TASK ITEM: In the records below, find the line with "Group on top of Mount Pope. c. 1920." and the line with "Figure S21.8. Features". Print both exactly, along with every line between them, and no other line.

ENTRIES SUPPLIED:
+++

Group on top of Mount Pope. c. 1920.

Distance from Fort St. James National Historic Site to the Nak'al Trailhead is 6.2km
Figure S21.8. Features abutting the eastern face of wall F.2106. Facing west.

+++

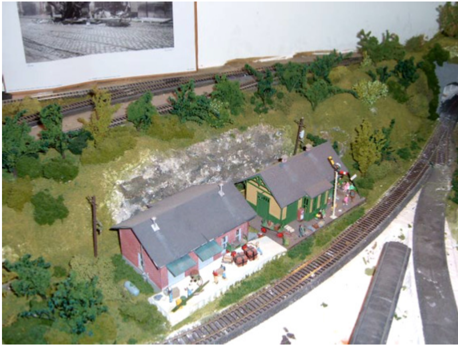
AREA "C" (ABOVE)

+++

SOLUTION FOR THIS PROBLEM:
Group on top of Mount Pope. c. 1920.

Distance from Fort St. James National Historic Site to the Nak'al Trailhead is 6.2km
Figure S21.8. Features abutting the eastern face of wall F.2106. Facing west.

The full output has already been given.